Definition:
A voice or mask that an author, speaker, or performer puts on for a particular purpose. Plural: personae or personas.
See also:
- "Defence and Happiness of Married Life," by Joseph Addison
- Ethos
- First-Person Point of View
- Implied Author
- Narrator
- "New Year's Eve," by Charles Lamb
- Second Persona
- Voice
Etymology:
From the Latin, "mask"Observations:
- "[L]ike the 'I' of the lyric and of the real and invented autobiography, the 'I' of the essayist is a mask."
(Joseph P. Clancy, "The Literary Genres in Theory and Practice." College English, April 1967) - "The artful 'I' of an essay can be as chameleon as any narrator in fiction."
(Edward Hoagland, "What I Think, What I Am") - "Writing is a form of imposture. I'm not at all sure I am anything like the person I seem to a reader. . . .
"[T]he man on paper is always a more admirable character than his creator, who is a miserable creature of nose colds, minor compromises, and sudden flights into nobility. . . . I suppose readers who feel friendly toward someone whose work they like seldom realize that they are drawn more toward a set of aspirations than toward a human being."
(E.B. White, Letters of E.B. White, ed. by Dorothy Lobrano Guth. Harper, 1976) - Person and Persona
"Persona is the Latin word for the masks used in the Greek drama. It meant that the actor was heard and his identity recognized by others through the sounds that issued from the open mask mouth. From it the word 'person' emerged to express the idea of a human being who meant something, who represented something, and who seemed to have some defined connectedness with others by action or affects. (We still use 'person' to connote this: we say of an infant who begins to show awareness of self in relation to others, 'He's becoming a person.') A person makes himself known, felt, taken in by others, through his particular roles and their functions. Some of his personae--his masks--are readily detachable and put aside, but others become fused with his skin and bone."
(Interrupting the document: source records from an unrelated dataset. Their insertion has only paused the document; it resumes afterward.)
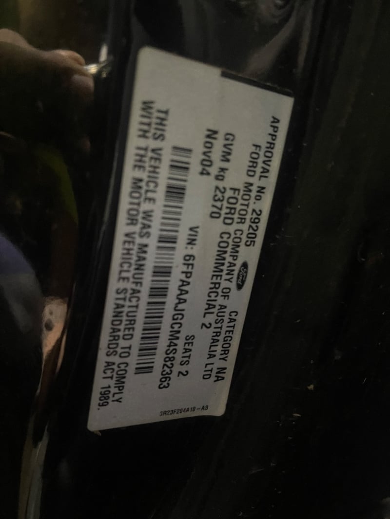 2004 Ford Falcon XR8 BA MKII, 2-door single cab ute, 5.4-litre V8, 4-speed automatic, 197,971km, 2 seats.
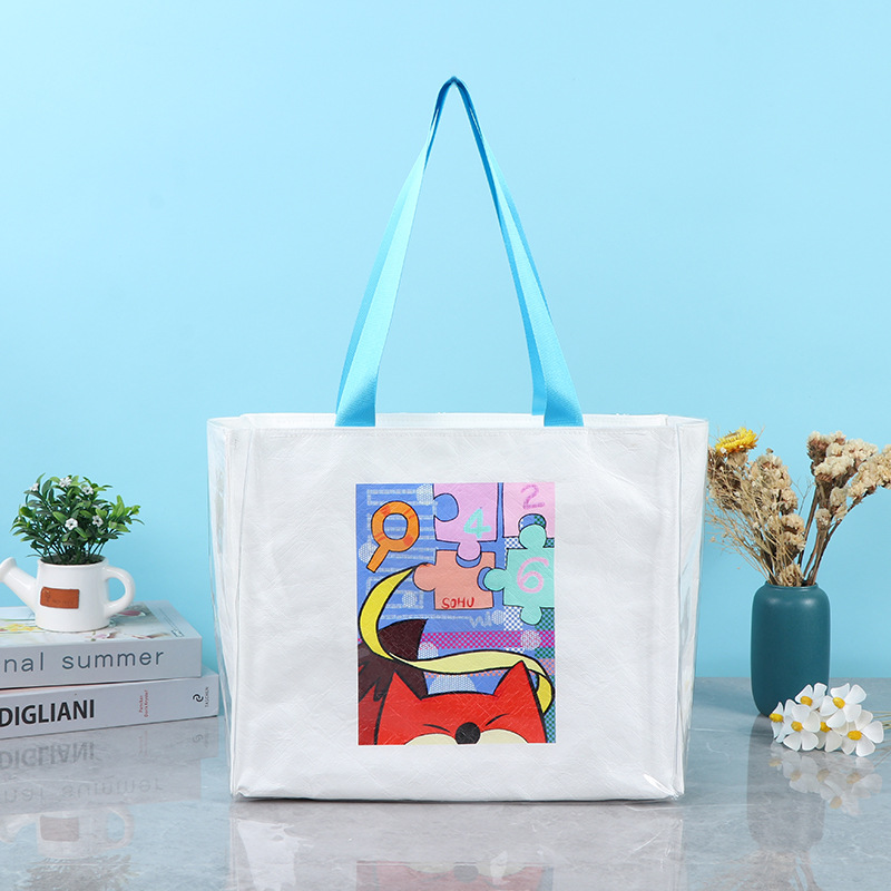 pvc杜邦纸袋批发水洗耐撕复合牛皮纸包装广告购物单肩手提袋纸袋
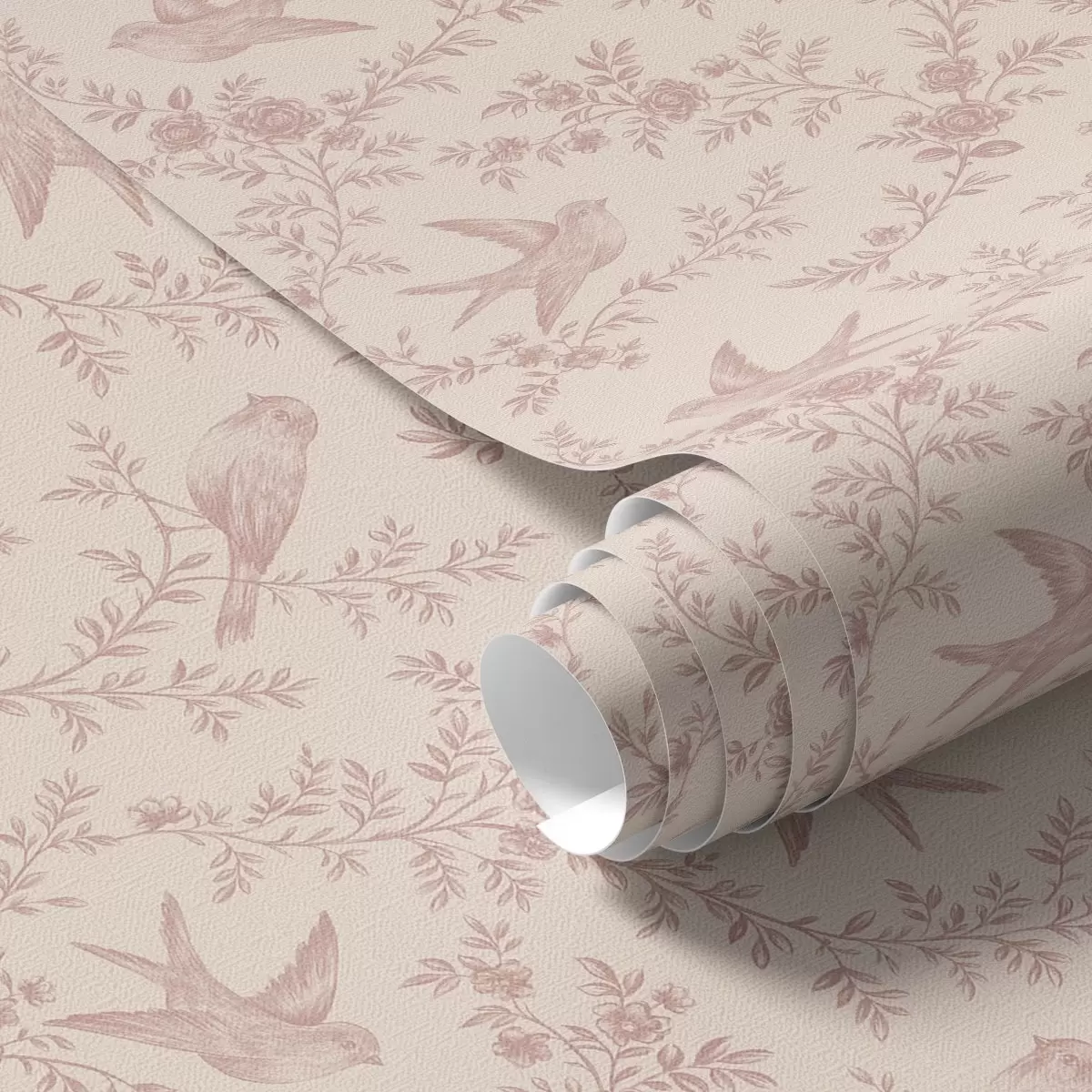 Papel de parede Pássaros e rosas, padrão vintage em rosa pálido Nr. a00587
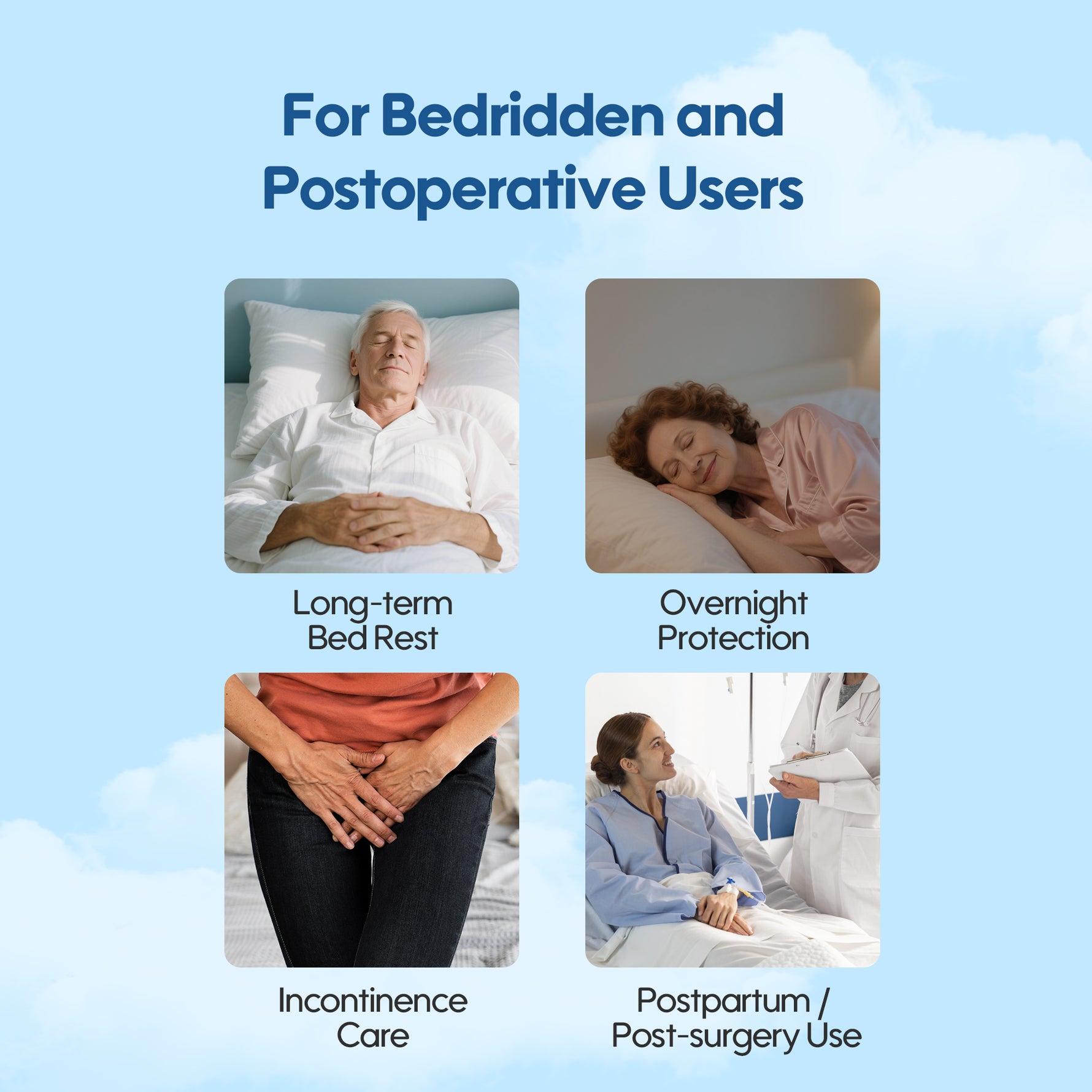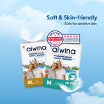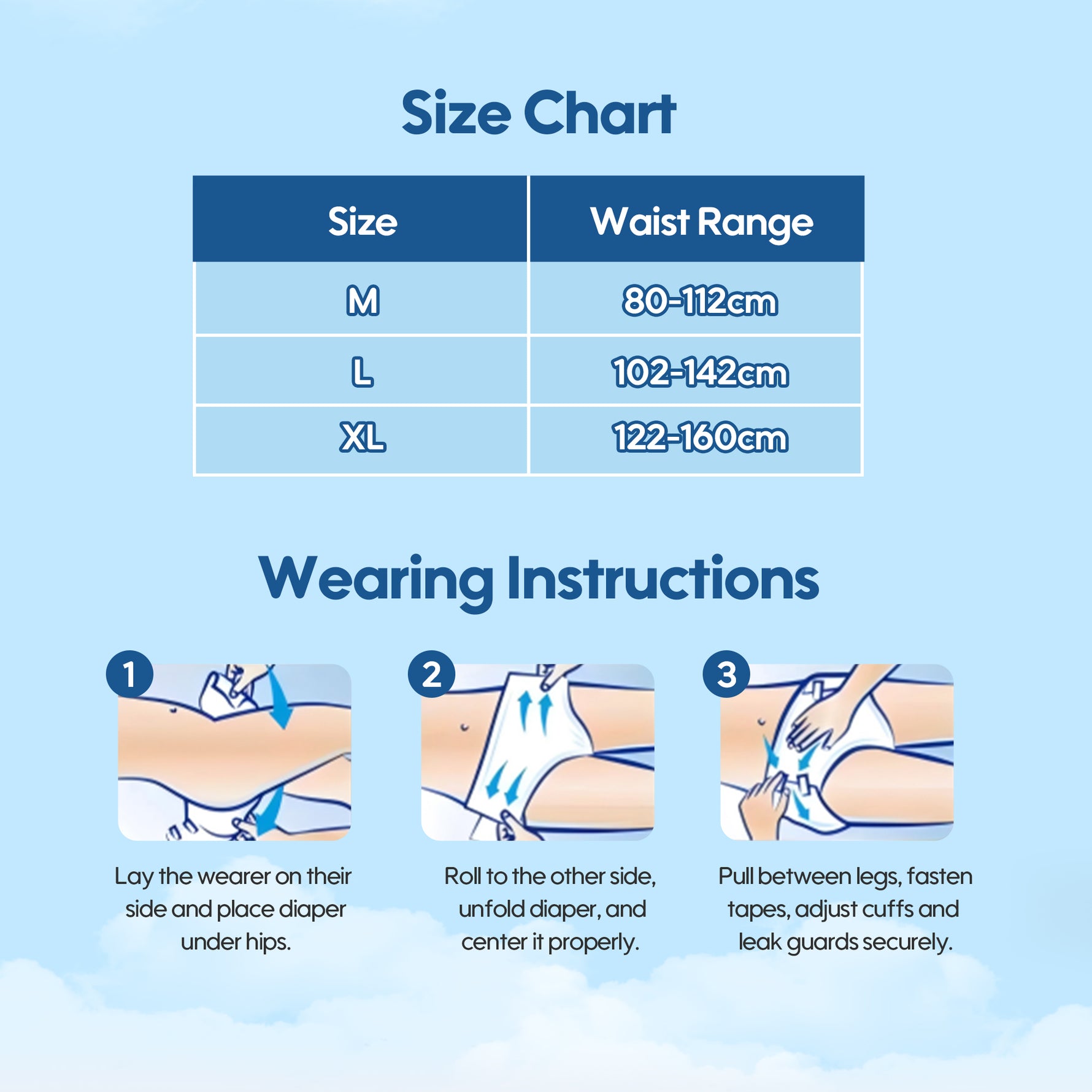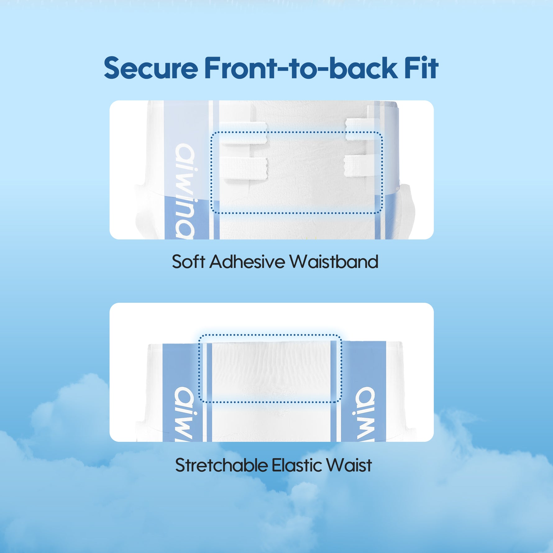 3M Magic Tape ilə təkmilləşdirilmiş bel kəməri, daha rahat oturma təmin etmək üçün istifadəçinin bədən formasına uyğun olaraq bel ölçüsünü tənzimləyə bilər. 3D sızma baryeri dizaynı tam qoruma təmin edir. Bundan əlavə, düşünülmüş nəmlik göstəricisi yenisi üçün vaxt gəldikdə rəngini dəyişir. Flüoresan, lateks və xlor kimi qatqılardan azaddır.

(Helen Harris Perlman, Persona: Social Role and Personality. Univ. of Chicago Press, 1986) - Hemingway's Public Persona
"According to those who knew him well, Hemingway was a sensitive, often shy man whose enthusiasm for life was balanced by his ability to listen intently . . .. That was not the Hemingway of the news stories. The media wanted and encouraged a brawnier Hemingway, a two-fisted man whose life was fraught with dangers. The author, a newspaper man by training, was complicit in this creation of a public persona, a Hemingway that was not without factual basis, but also not the whole man. Critics, especially, but the public as well, Hemingway hinted in his 1933 letter to [Maxwell] Perkins, were eager 'automatically' to 'label' Hemingway's characters as himself, which helped establish the Hemingway persona, a media-created Hemingway that would shadow--and overshadow--the man and writer."
(Michael Reynolds, "Hemingway in Our Times." The New York Times, July 11, 1999) - Borges and the Other Self
"It is to my other self, to Borges, that things happen. I walk about Buenos Aires and I pause, almost mechanically, to contemplate the arch of an entry or the portal of a church; news of Borges comes to me in the mail, and I see his name on a short list of professors or in a biographical dictionary. I am fond of hourglasses, maps, 18th-century typography, the etymology of words, the tang of coffee, and the prose of Stevenson; the other one shares these enthusiasms, but in a rather vain, theatrical way. . . .
"I cannot tell which one of us is writing this page."